Assume in a certain year the number of credit obligors of a bank who are at risk of default is Poisson distributed with intensity $\lambda = 10$. Each individual obligor may actually default in that year with probability $p = 0.2$. Assume mutual independence of the obligors. Let $X$ be the number of obligors that default in that year. Show that $X$ is Poisson distributed and determine its intensity.
I denote $N$ the number of obligors at risk. And by using the identity $$P(X = k) = \sum_E P(X = k\mid N = n)P(N = n)$$ to find the pmf I think I am supposed to arrive at the Poisson distribution. $P(N=n)$ is already Poisson. I am having trouble figuring out the $P(X = k\mid N = n)$ and coming up with the probabilities of the pmf which need to be summed up to yield the final Poisson.

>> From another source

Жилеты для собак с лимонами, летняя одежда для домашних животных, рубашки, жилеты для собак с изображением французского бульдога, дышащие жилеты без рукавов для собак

Hintage: $\mathsf P(X=k\mid N=n)$ is the probability of $k$ 'successes' in a sequence of $n$ independent trials, where 'success' means "obligator defaults" and has rate $p$.

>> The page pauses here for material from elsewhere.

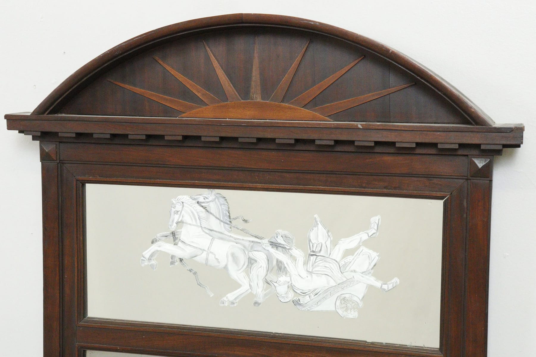Bilder Spegel med träram, krön med målat glas, 1800-tal

Do you recognise this distribution now?
PS: $E\equiv \{n\mid n\in\{k,\ldots,\infty\}\}$, because you cannot have more successes than trials.

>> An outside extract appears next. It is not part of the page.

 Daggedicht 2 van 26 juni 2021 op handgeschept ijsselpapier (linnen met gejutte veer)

Just substitute the p.m.f. to get: $~\sum\limits_{n=k}^\infty \dfrac {n!~p^k~(1-p)^{n-k}}{ k!~(n-k)!}\cdotp\dfrac{\lambda^n e^{-\lambda}}{n!}~$, cancel common factors, move unbound factors to the left of the sigma sign, and simplify the series with a change of variables.
The "trick" then lies in recalling the Taylor series expansion $~e^t = \sum\limits_{m=0}^\infty \dfrac{t^m}{m!}~$.